In the meantime the economy grew faster than the population last year, for the first time since 2007. Between December and March, the Office of Budget Responsibility has raised its forecast for this year’s growth from 2.4 per cent to 2.7 per cent.

Inequality is coming back as well. The share of gross income going to the top 1 per cent has increased from 11.2 per cent to 13 per cent, and for the top 5 per cent, from 23.9 per cent to 25.4 per cent. While the burden of public debt is still not expected to begin dropping until the next fiscal year, the OBR also revised, this time downward, its forecast of debt to GDP from 80 per cent to 78.7 per cent.

For years the government’s critics have argued that its policy of austerity was misguided because it would not generate economic growth. This was deeply disingenuous – austerity was never meant to foster economic expansion, but avert a looming sovereign debt crisis.

But this argument works both ways. Years of the chancellor’s Budget cuts are not directly responsible for the relatively high rates of growth the UK is now enjoying – at least compared with other large economies.

Furthermore, it is not just the expansion of the economy but rather the way so much of it is benefiting those who pay the most taxes that is helping to bring the deficit under control.

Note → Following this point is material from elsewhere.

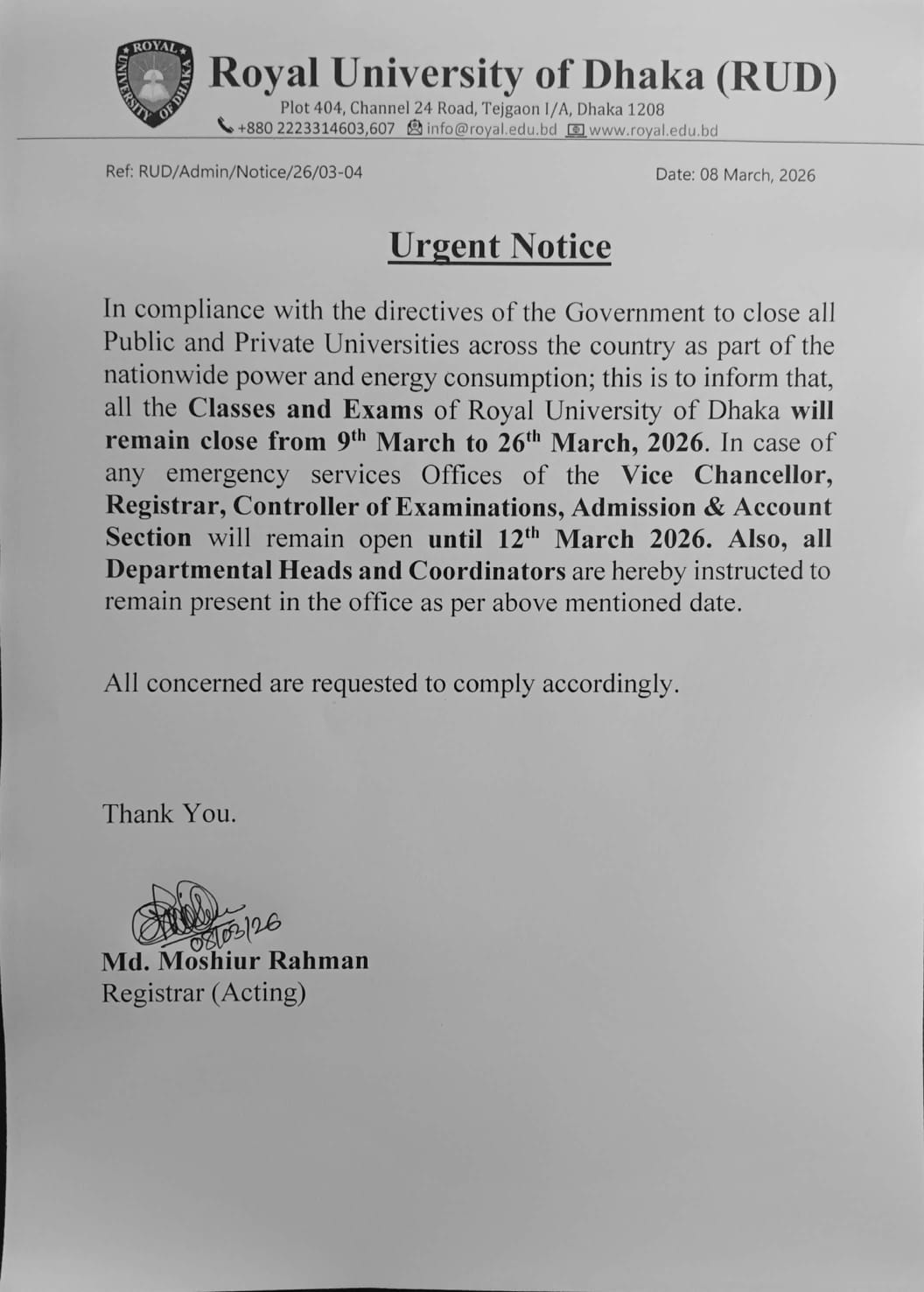 Urgent Notice

That is the part about deficit reduction you did not hear about in George Osborne’s budget speech.

Michael Ben-Gad is professor of economics at City University

Key points

* The focus of the Budget was another increase in the personal allowance to help the so-called ‘squeezed middle’.

* Most people who are members of the top 5 per cent face 40 per cent marginal rates for income tax.

* The Chancellor’s budget cuts are not directly responsible for the relatively high rate of growth in the UK.